Which lines below fall between the one containing "Chikankari + Lawn" and the one containing "企查查数据表示,2025年全"? Repeat them exactly, counting both of those lines, and add nothing else.

DATASET CONTENT:
-- Opening Marker --
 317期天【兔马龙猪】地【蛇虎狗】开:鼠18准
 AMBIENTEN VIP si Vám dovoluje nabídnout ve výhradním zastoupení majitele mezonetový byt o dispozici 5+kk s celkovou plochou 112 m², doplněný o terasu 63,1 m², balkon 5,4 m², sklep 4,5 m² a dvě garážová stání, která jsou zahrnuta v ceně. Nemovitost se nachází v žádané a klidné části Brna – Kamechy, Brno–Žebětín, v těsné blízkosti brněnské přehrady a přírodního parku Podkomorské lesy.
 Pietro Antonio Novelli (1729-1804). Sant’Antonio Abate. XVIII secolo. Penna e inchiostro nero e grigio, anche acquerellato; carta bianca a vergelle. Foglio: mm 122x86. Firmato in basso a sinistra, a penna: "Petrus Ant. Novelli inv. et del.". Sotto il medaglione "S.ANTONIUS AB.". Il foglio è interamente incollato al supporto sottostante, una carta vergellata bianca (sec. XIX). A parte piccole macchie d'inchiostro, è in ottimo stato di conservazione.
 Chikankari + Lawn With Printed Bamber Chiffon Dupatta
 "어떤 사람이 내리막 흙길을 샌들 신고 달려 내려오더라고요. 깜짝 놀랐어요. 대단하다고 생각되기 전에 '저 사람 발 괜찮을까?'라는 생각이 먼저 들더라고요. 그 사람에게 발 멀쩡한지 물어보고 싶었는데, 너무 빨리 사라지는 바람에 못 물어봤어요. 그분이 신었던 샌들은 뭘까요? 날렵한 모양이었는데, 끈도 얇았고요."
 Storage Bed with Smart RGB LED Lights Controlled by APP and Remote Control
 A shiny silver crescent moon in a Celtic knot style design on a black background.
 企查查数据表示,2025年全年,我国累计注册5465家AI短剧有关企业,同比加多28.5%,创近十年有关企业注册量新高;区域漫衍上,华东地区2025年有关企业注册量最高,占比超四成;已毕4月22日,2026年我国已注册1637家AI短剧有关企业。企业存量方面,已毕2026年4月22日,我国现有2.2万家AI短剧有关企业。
-- Closing Marker --
-- Opening Marker --
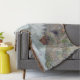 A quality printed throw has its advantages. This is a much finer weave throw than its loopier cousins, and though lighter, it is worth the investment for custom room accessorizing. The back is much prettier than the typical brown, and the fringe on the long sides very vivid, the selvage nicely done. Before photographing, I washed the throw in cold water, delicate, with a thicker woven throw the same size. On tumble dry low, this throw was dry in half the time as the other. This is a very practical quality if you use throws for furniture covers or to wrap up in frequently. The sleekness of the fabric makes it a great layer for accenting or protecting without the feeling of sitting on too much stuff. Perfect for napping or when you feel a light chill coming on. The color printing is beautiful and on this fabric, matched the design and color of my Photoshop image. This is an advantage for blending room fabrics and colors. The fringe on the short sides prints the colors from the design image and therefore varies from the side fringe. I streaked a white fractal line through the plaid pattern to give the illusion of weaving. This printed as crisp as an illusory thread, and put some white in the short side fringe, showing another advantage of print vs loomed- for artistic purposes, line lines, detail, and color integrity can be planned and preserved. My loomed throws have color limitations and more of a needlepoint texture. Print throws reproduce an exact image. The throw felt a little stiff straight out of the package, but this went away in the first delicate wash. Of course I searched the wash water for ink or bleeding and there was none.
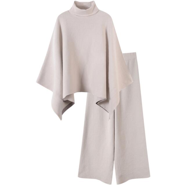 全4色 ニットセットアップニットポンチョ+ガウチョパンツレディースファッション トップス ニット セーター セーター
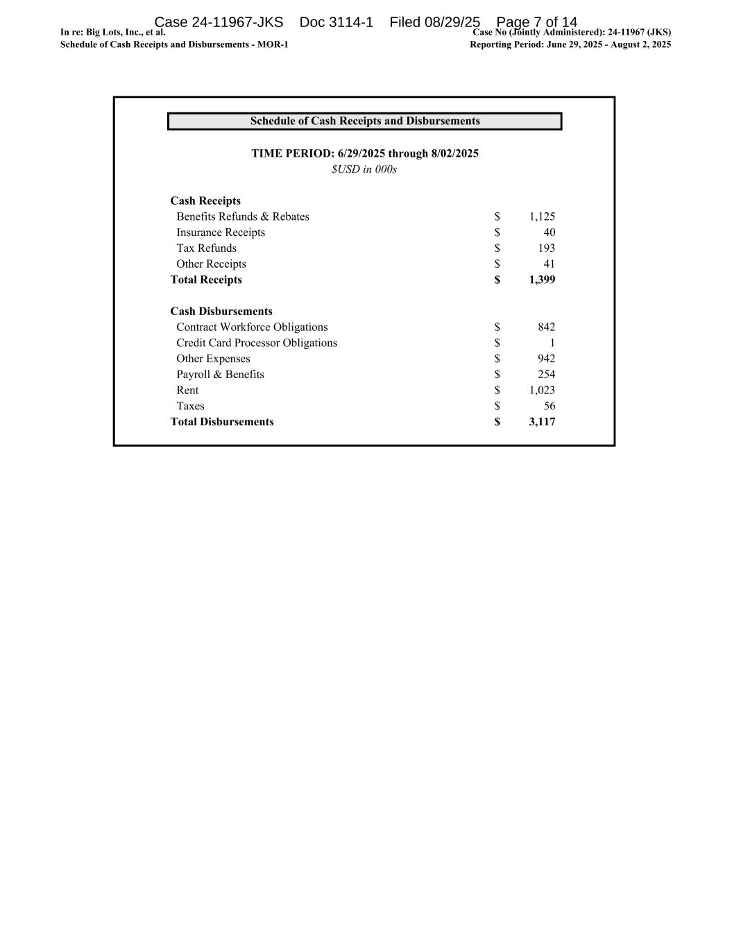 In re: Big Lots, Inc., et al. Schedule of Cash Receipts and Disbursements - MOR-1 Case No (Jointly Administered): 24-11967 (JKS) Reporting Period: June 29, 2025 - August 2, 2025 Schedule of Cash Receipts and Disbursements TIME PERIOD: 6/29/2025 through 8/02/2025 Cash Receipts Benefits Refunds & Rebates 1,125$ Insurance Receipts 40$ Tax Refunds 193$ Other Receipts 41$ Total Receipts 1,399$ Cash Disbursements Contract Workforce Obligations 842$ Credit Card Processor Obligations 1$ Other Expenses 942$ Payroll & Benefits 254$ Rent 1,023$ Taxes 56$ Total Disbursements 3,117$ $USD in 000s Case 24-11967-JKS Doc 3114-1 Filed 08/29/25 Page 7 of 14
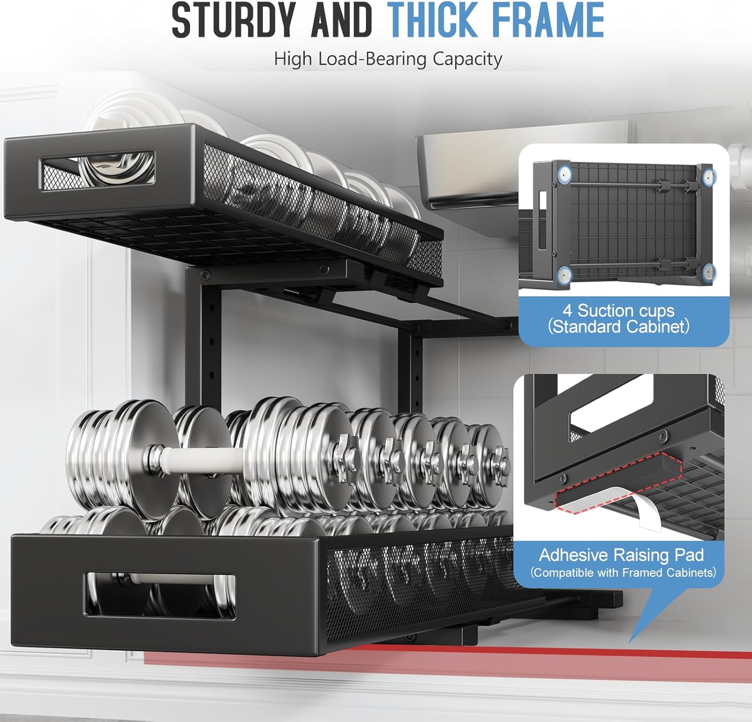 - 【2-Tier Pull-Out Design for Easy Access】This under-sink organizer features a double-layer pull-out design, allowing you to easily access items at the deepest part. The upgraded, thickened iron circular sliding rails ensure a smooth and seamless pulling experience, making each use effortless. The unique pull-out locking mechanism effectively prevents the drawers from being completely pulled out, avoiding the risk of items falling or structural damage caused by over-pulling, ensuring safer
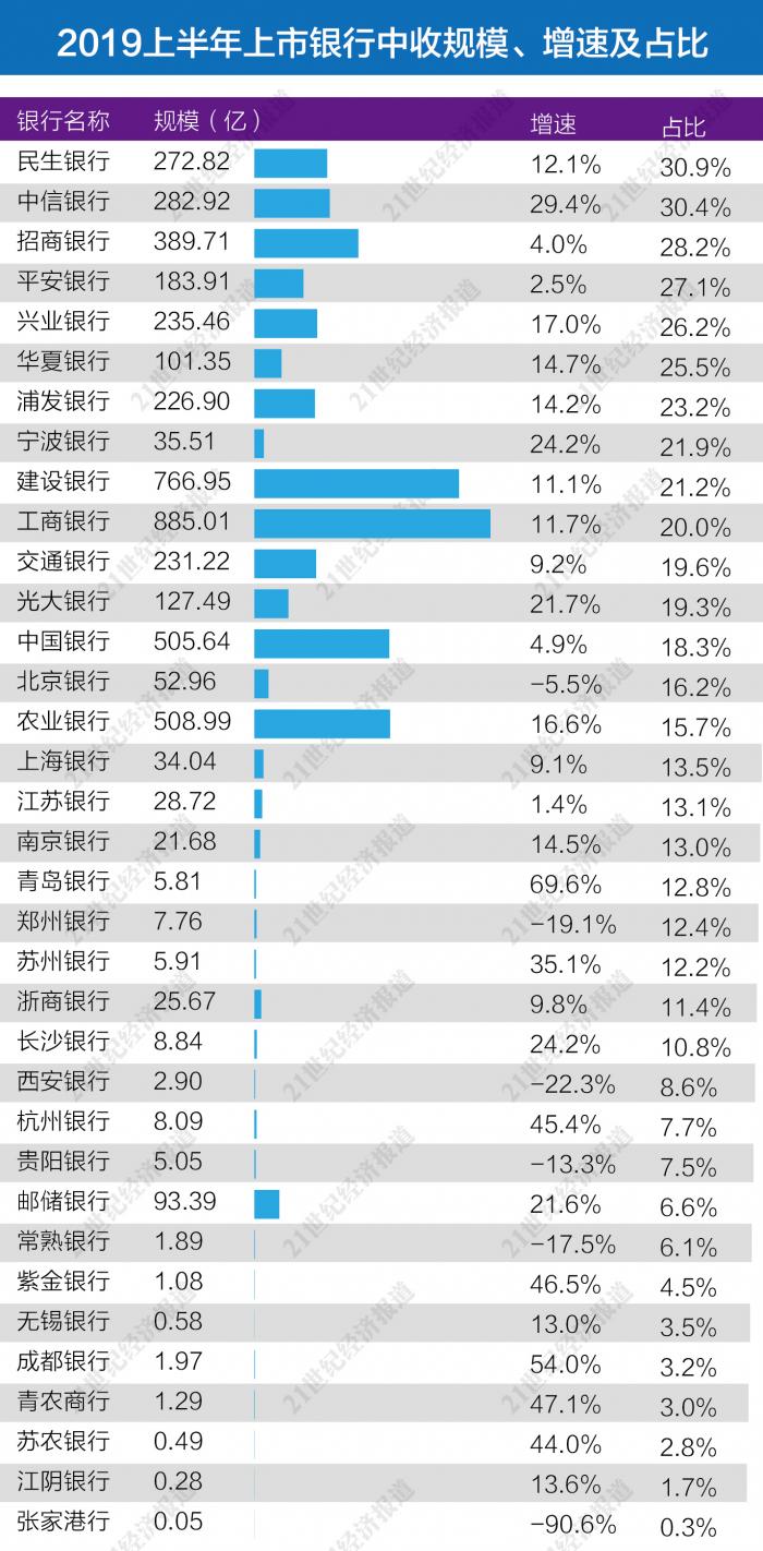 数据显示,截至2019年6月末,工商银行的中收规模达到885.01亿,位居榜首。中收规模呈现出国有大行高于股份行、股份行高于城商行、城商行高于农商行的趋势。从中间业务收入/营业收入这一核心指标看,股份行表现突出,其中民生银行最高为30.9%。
-- Closing Marker --
SOLUTION FOR THIS TASK:
 Chikankari + Lawn With Printed Bamber Chiffon Dupatta
 "어떤 사람이 내리막 흙길을 샌들 신고 달려 내려오더라고요. 깜짝 놀랐어요. 대단하다고 생각되기 전에 '저 사람 발 괜찮을까?'라는 생각이 먼저 들더라고요. 그 사람에게 발 멀쩡한지 물어보고 싶었는데, 너무 빨리 사라지는 바람에 못 물어봤어요. 그분이 신었던 샌들은 뭘까요? 날렵한 모양이었는데, 끈도 얇았고요."
 Storage Bed with Smart RGB LED Lights Controlled by APP and Remote Control
 A shiny silver crescent moon in a Celtic knot style design on a black background.
 企查查数据表示,2025年全年,我国累计注册5465家AI短剧有关企业,同比加多28.5%,创近十年有关企业注册量新高;区域漫衍上,华东地区2025年有关企业注册量最高,占比超四成;已毕4月22日,2026年我国已注册1637家AI短剧有关企业。企业存量方面,已毕2026年4月22日,我国现有2.2万家AI短剧有关企业。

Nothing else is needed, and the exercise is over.